THE INPUT
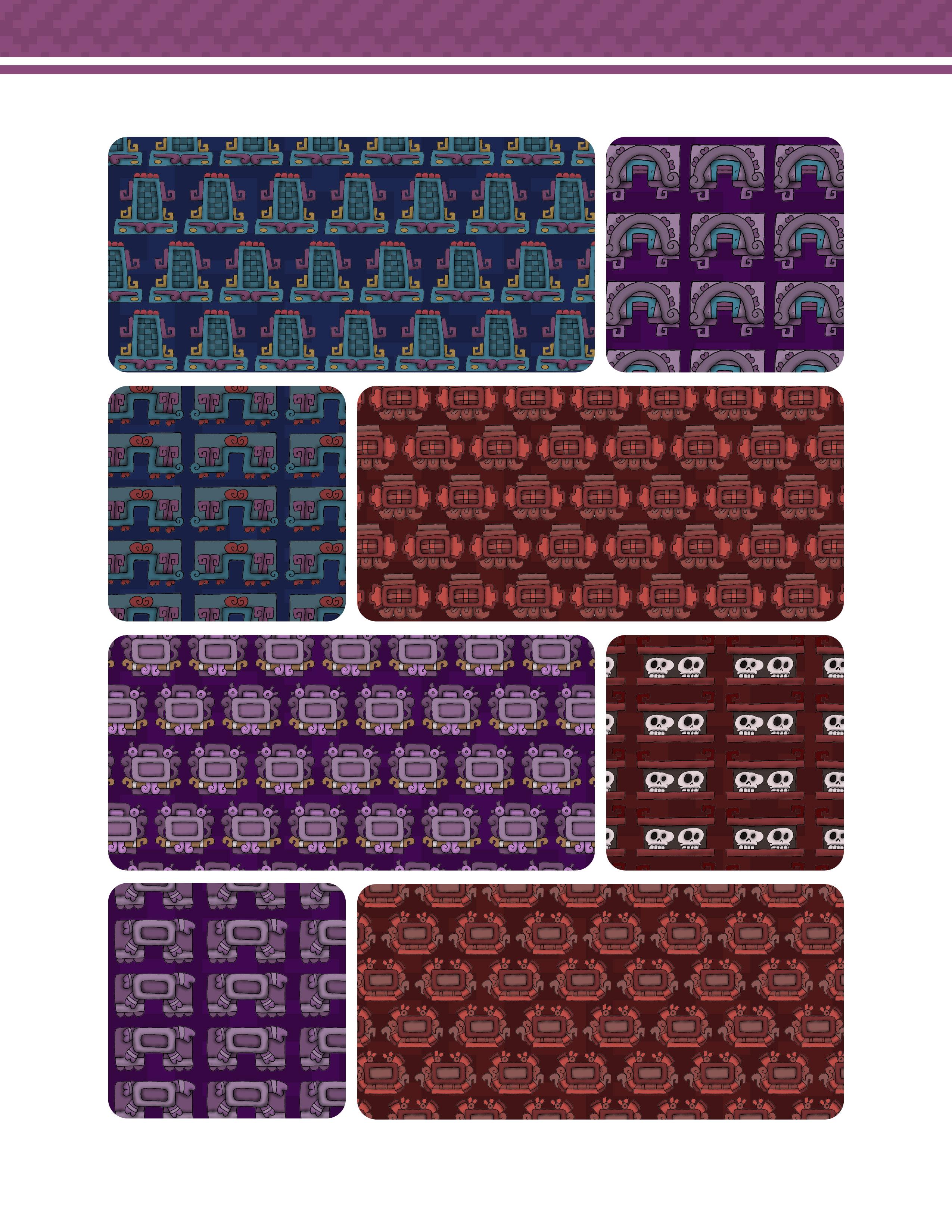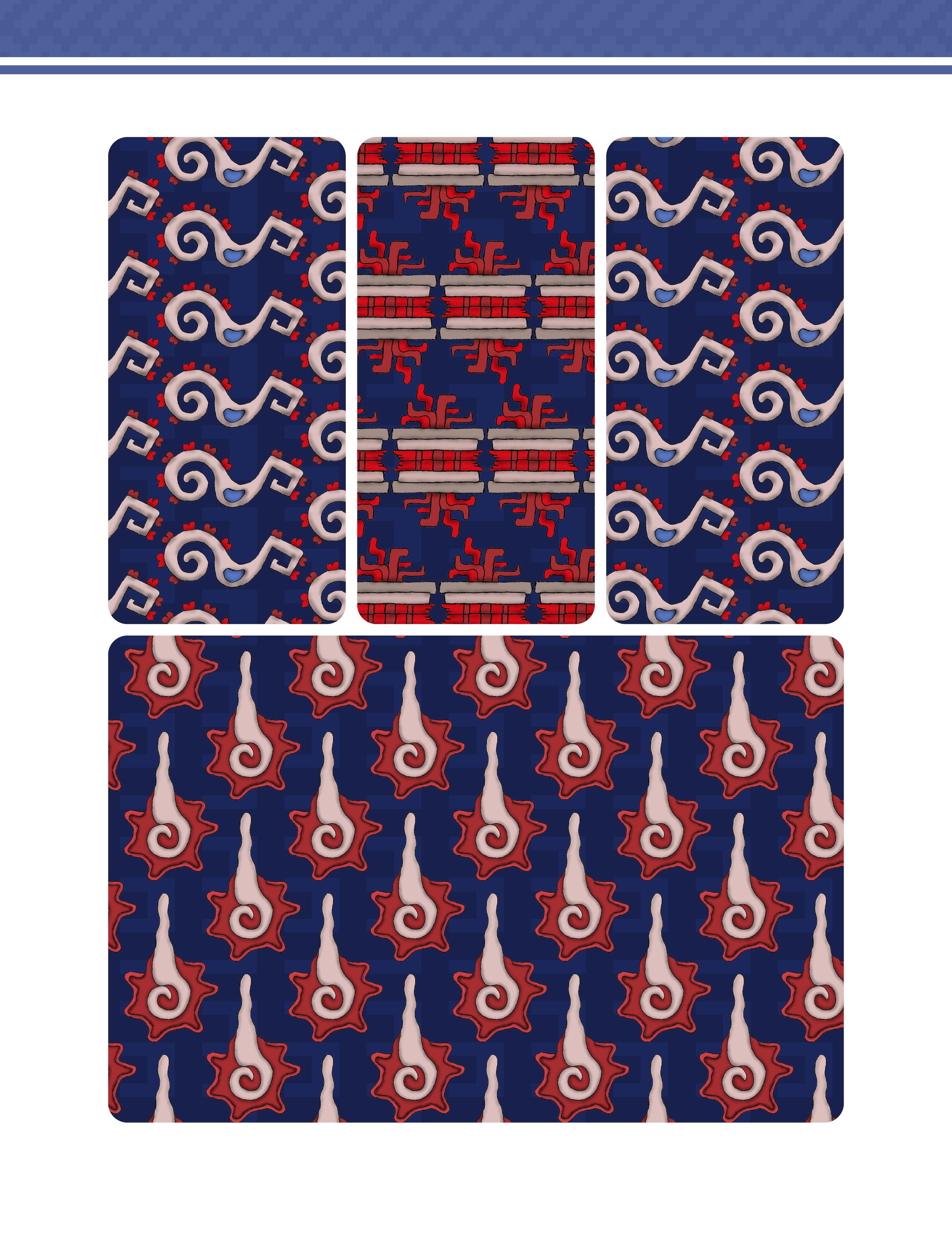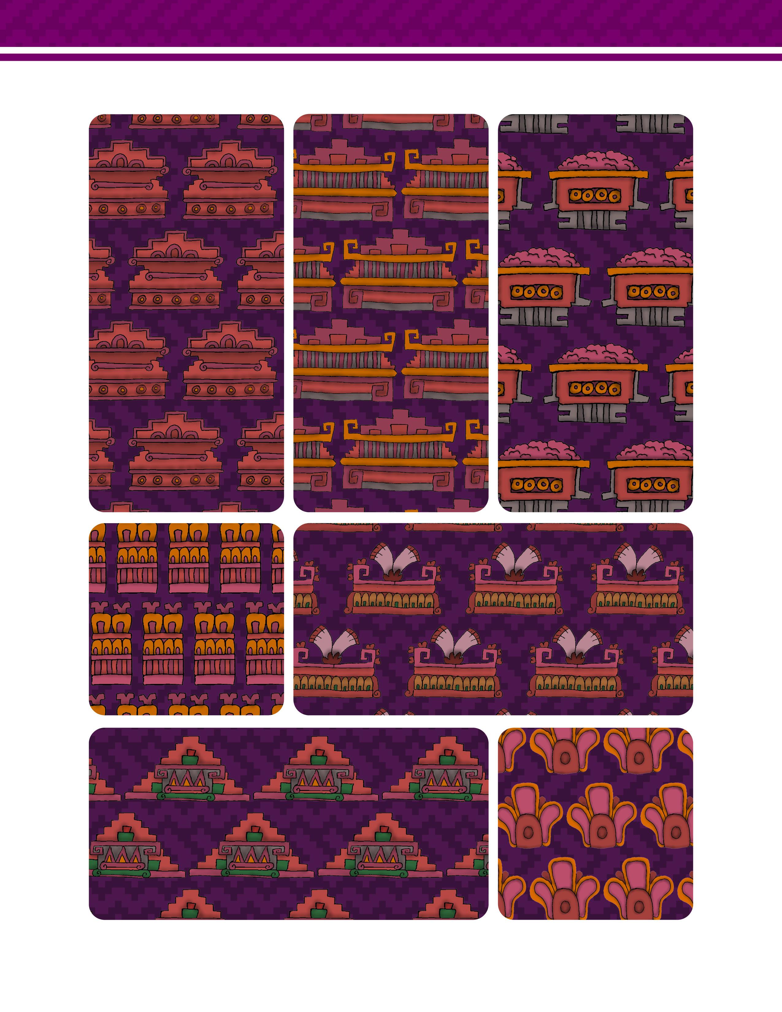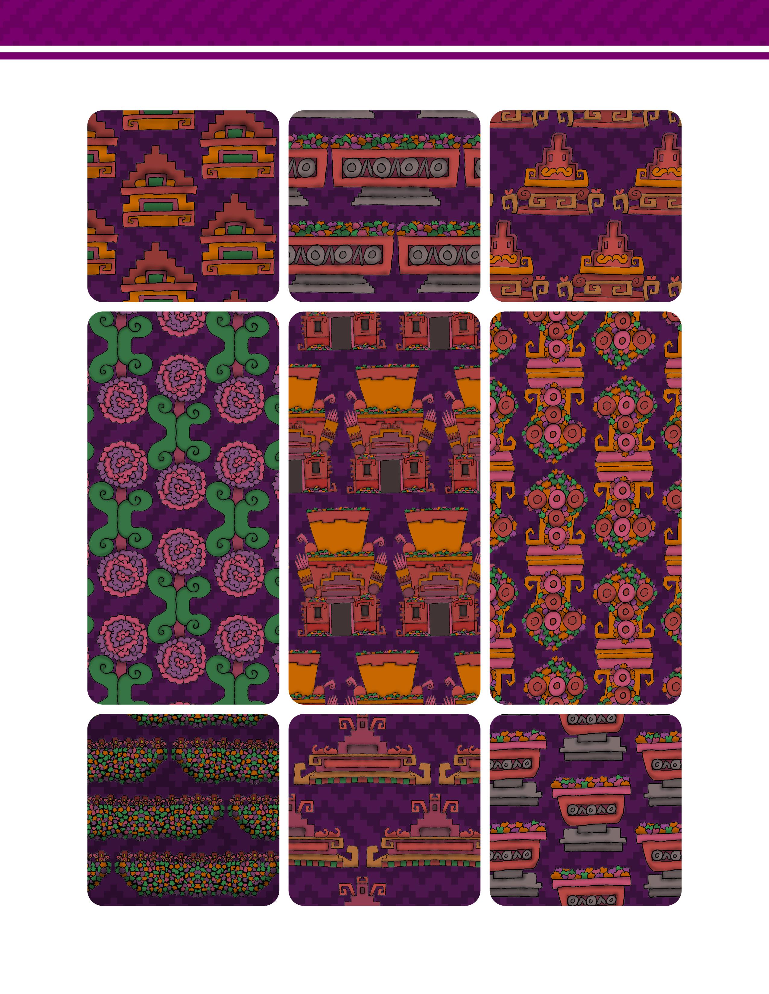 Es un trabajo que presenta una vasta colección de patrones y diseños inspirados en la herencia gráfica y las artes de las culturas prehispánicas de México. Este libro ofrece una reinterpretación moderna de aquella belleza antigua, en forma de patrones y diseños extraídos meticulosamente de códices antiguos, arquitectura monumental, esculturas y otros artefactos arqueológicos. Los patrones están organizados de manera que tanto artistas, diseñadores gráficos, artesanos y aficionados a la cultura mexicana pueden encontrar inspiración y utilidad en ellos.
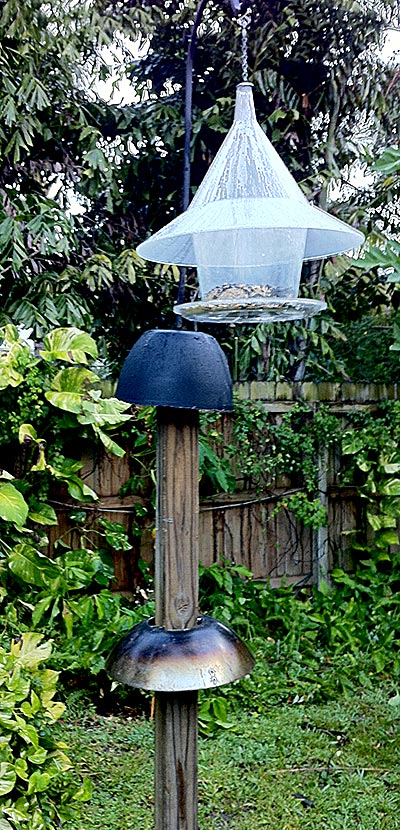 When the electric company came out last week to trim back the trees and put the power lines back up I tried tied to get them to trim more but naturally they didn't so now they are going to have to come out again. Since I was already up... Christy gave me a really nice bird feeder for my birthday last month and the birds have been loving it. The problem is the squirrels have been getting into it. I made a squirrel guard out of an old bucked but the squirrels chewed through it. Saw some squirrel guards on the internet but they were almost $60 so today I took an old wok that we weren't using and cut a hole in the bottom of it, removed its handles and hung it upside down on the post holding the feeder. Don't think the squirrels will eat through a steel wok. Going to do some yard work and then go to the gym and that is about as far ahead as I can plan so far today. ![]() |
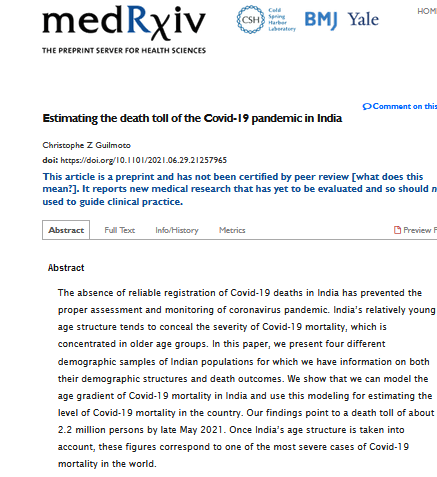 In Articles in Academic Journals 0 Guilmoto C., (2021), “Estimating the death toll of the Covid-19 pandemic in India” Medrxiv , (2 July 2021)
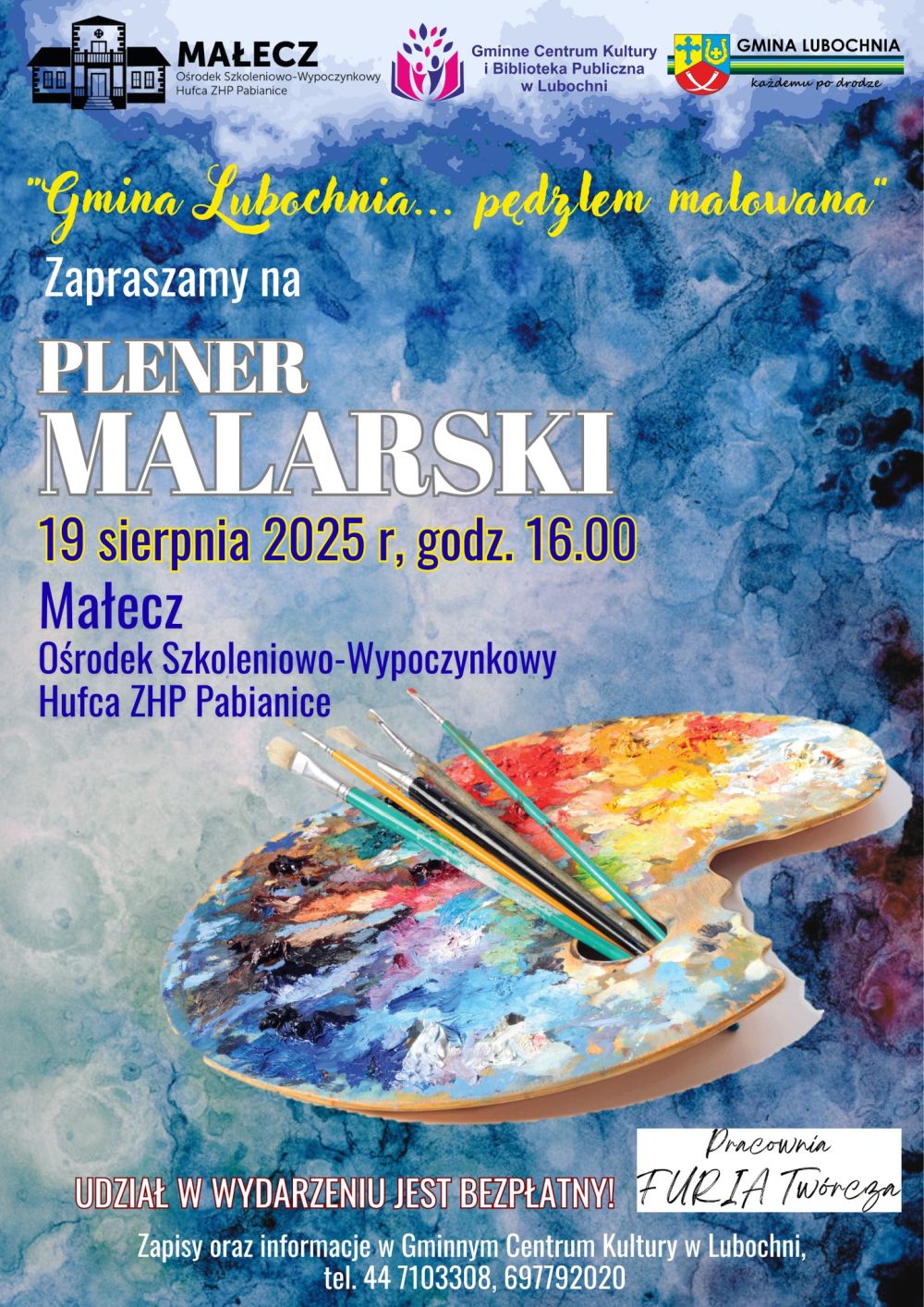 ...zaproszenie ma Gminne Centrum Kultury i Biblioteka Publiczna w Lubochni – organizator pleneru malarskiego w malowniczej scenerii Ośrodka Szkoleniowo-Wypoczynkowego pabianickiego Hufca Związku Harcerstwa Polskiego w Małczu.
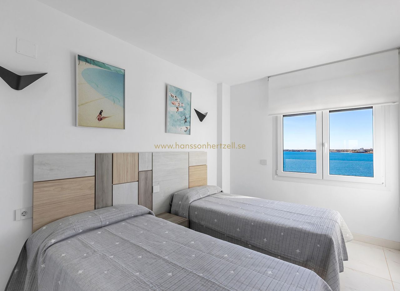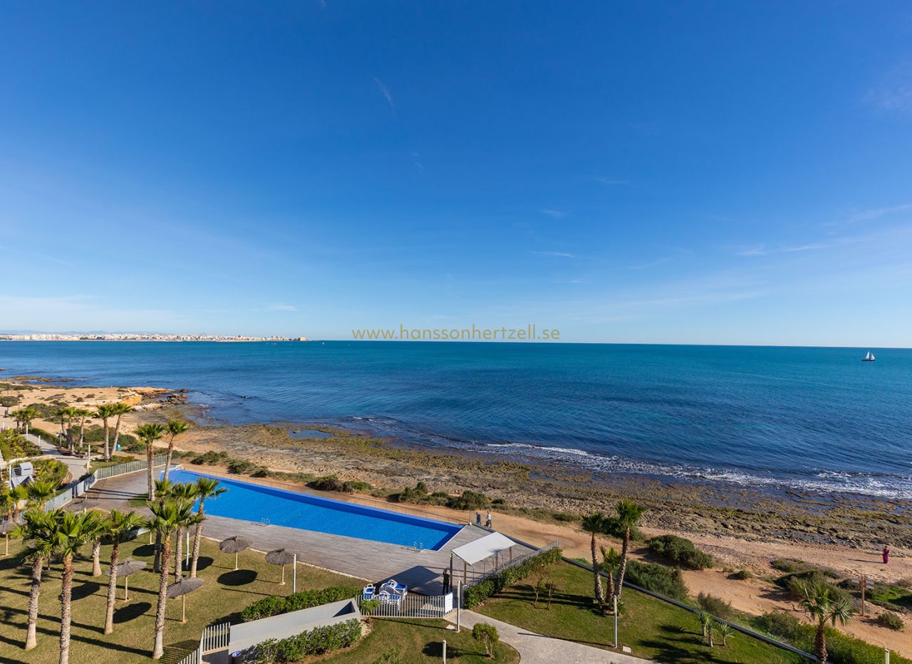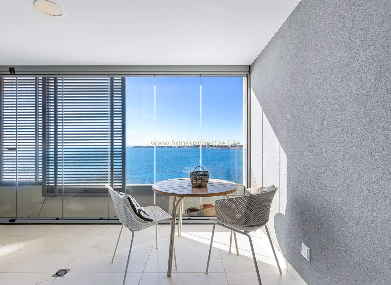 Denna 2-rums lägenhet i Torrevieja erbjuder 122m² bara 50m från stranden för €765.000. Har 16m² terrass, underjordisk parkering och förråd. Belägen i Punta Prima, 45 minuter från Alicante-Elche flygplats.
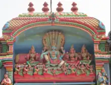 The richest temple of the world is dedicated to a form of Perumal Known as the Padmanabhaswamy Perumal temple, Thiruvananthapurum.[8] Several extant Hindu texts including the Vishnu Purana,[9] Brahma Purana,[10] Matsya Purana,[11] Varaha Purana,[11] Skanda Purana,[10] Padma Purana,[10] Vayu Purana and Bhagavata Purana mention the Padmanabhaswamy Temple.[10] The Temple has several references in Sangam period literature.[12] Many conventional historians and scholars are of the opinion that one of the names that the Temple had, "The Golden Temple", was in cognisance of the Temple being already unimaginably wealthy by that point (early Sangam period).[13][14][12] Many extant pieces of Sangam Tamil literature and poetry as well as later works of the 9th century of Tamil poet–saints like Nammalwar refer to the temple and the city as having walls of pure gold.[15] Both the temple and the entire city are often eulogised as being made of gold, and the temple as heaven.[15][16] The temple is one of the 108 principal Divya Desams ("Holy Abodes") in Vaishnavism according to existing Tamil hymns from the fifth and eighth centuries C.E and is glorified in the Divya Prabandha.
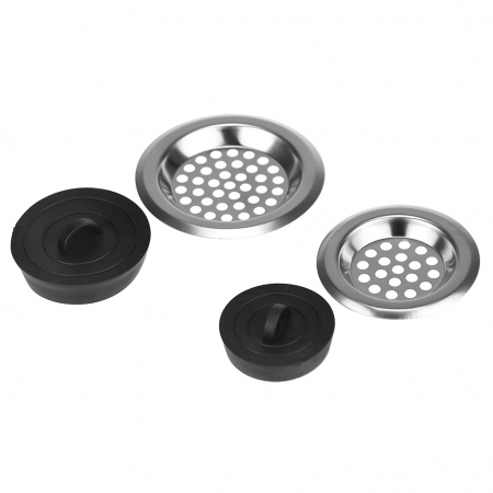 Набор для раковины 4 предмета: пробка-сетка для раковины из нержавеющей стали - 2 штуки: д6см, д7,5см ; пробка резиновая - 2 штуки: д3,5см, д4,5см, на картоне (Китай) (арт. 026645)
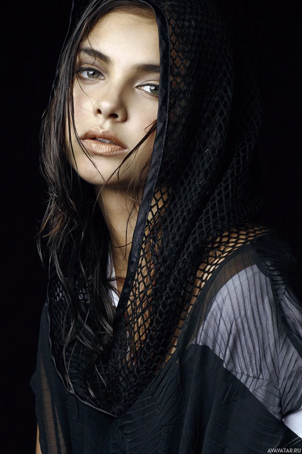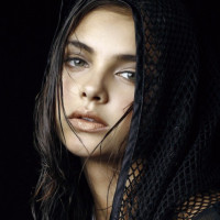 brunette hair. She is wearing a dark, textured top or garment that covers her head. Her expression and the overall mood of the photo suggest she might be experiencing rain or is just feeling contemplative in the weather. The colors are subdued, which adds to the moodiness of the image.

WHAT NEEDS TO BE DONE
Where the line with "Набор для раковины" appears in the entries above, begin there and restate every line to the end word for word, minus the pictures.

RESULT OF THE EXERCISE
 Набор для раковины 4 предмета: пробка-сетка для раковины из нержавеющей стали - 2 штуки: д6см, д7,5см ; пробка резиновая - 2 штуки: д3,5см, д4,5см, на картоне (Китай) (арт. 026645)
 brunette hair. She is wearing a dark, textured top or garment that covers her head. Her expression and the overall mood of the photo suggest she might be experiencing rain or is just feeling contemplative in the weather. The colors are subdued, which adds to the moodiness of the image.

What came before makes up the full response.